▸ **Exercise input**
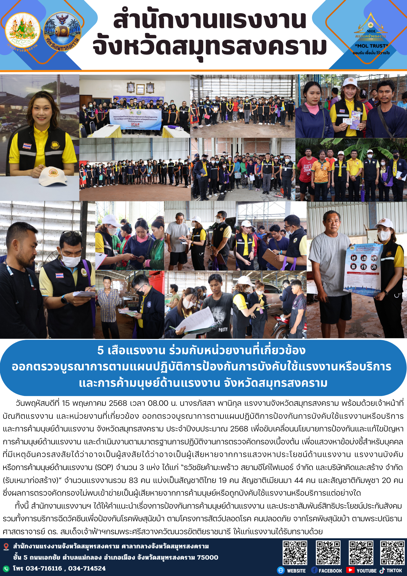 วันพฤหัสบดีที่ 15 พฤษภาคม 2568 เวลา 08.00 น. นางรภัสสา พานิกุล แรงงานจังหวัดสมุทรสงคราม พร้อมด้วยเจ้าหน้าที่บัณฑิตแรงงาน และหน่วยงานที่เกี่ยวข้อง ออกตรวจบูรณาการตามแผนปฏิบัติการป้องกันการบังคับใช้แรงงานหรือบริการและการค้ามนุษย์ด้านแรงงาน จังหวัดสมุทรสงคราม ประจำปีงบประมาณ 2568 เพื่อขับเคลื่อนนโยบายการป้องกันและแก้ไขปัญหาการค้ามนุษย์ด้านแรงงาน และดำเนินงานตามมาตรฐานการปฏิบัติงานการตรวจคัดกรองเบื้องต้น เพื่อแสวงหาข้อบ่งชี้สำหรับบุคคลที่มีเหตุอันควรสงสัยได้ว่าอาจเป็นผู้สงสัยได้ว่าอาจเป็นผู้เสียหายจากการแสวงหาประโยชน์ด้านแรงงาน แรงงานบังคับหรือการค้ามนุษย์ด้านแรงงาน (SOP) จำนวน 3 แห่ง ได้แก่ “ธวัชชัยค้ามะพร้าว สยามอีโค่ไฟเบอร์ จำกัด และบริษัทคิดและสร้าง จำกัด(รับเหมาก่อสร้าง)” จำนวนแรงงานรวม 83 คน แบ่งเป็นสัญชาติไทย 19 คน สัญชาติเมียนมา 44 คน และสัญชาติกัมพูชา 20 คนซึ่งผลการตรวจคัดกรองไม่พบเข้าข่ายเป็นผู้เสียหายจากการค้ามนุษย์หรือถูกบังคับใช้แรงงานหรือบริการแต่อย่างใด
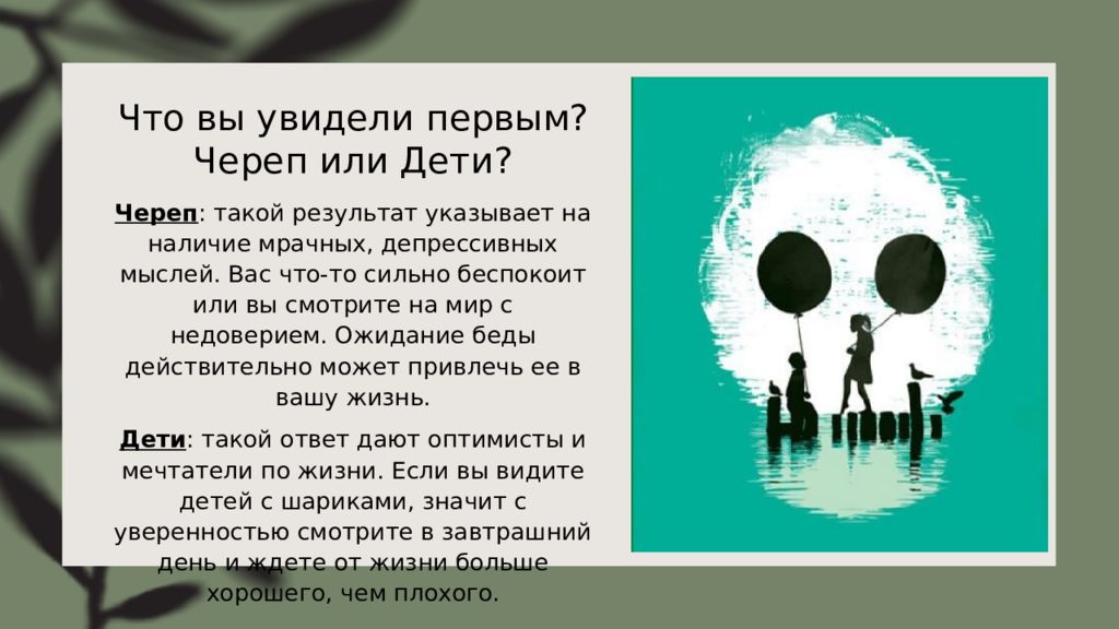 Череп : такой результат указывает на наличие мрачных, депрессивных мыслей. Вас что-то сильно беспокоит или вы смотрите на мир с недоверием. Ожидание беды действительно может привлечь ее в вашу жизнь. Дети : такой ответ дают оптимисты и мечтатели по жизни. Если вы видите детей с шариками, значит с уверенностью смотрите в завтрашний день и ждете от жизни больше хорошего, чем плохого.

...

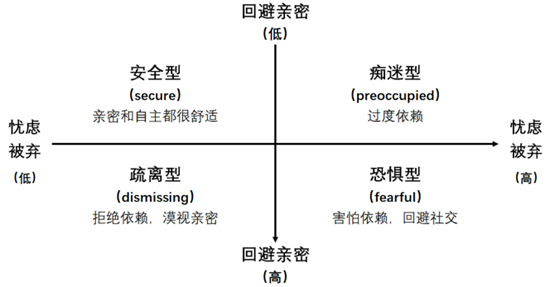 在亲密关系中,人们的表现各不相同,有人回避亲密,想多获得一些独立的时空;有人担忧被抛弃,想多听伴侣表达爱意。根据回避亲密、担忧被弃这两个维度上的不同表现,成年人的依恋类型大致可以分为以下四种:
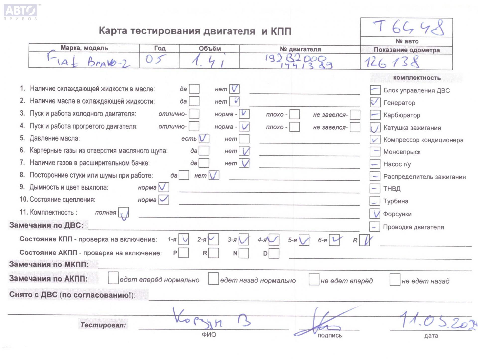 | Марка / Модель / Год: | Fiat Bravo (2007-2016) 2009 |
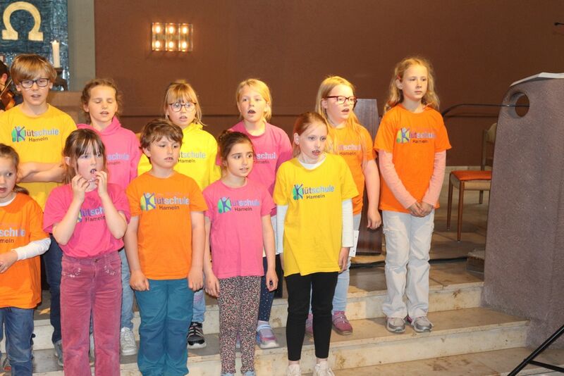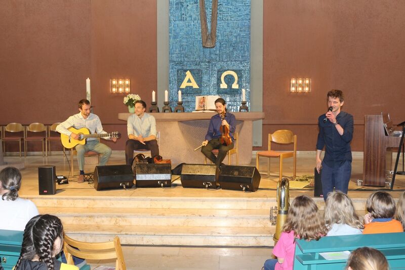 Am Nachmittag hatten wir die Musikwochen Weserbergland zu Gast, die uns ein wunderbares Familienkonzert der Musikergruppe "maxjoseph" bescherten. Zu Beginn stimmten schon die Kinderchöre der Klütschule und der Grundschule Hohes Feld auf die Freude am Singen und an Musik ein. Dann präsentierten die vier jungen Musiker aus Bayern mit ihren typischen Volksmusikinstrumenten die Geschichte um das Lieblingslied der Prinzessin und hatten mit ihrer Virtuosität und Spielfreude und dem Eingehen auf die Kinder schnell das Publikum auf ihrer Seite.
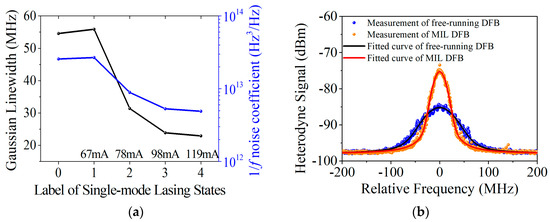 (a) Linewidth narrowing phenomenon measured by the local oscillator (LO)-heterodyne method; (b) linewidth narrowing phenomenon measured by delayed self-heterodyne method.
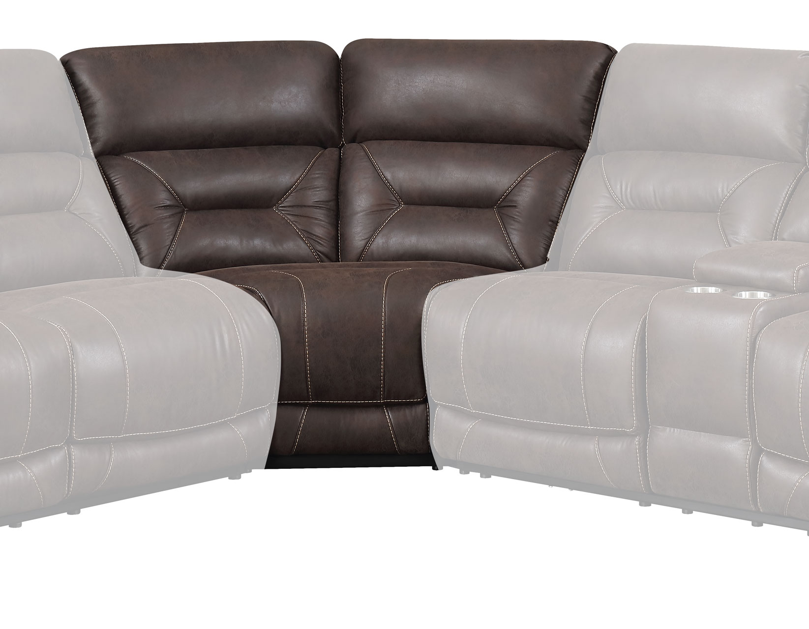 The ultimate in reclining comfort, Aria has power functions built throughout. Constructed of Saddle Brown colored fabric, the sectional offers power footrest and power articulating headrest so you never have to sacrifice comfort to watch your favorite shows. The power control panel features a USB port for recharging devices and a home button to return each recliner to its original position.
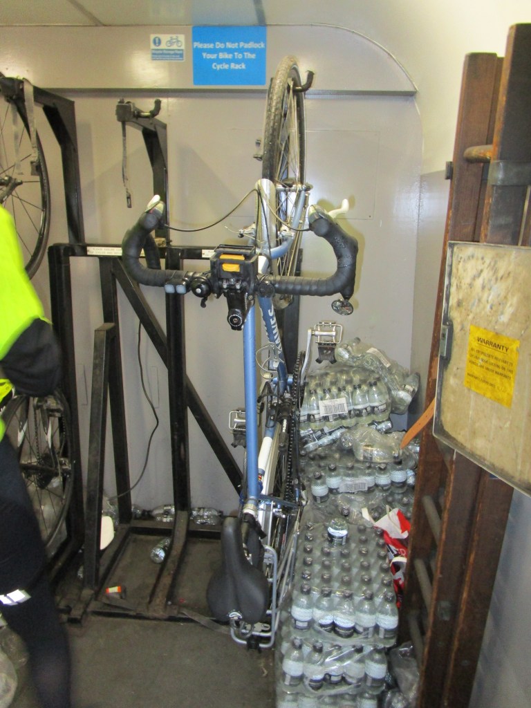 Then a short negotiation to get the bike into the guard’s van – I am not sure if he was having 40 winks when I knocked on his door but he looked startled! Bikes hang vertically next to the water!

▸ **Exercise directions**
Up in the listing, locate the line with "The ultimate in"; print it and every line after it down to the line with "Then a short", which is included too. Skip the pictures.

▸ **Output of the task**
 The ultimate in reclining comfort, Aria has power functions built throughout. Constructed of Saddle Brown colored fabric, the sectional offers power footrest and power articulating headrest so you never have to sacrifice comfort to watch your favorite shows. The power control panel features a USB port for recharging devices and a home button to return each recliner to its original position.
 Then a short negotiation to get the bike into the guard’s van – I am not sure if he was having 40 winks when I knocked on his door but he looked startled! Bikes hang vertically next to the water!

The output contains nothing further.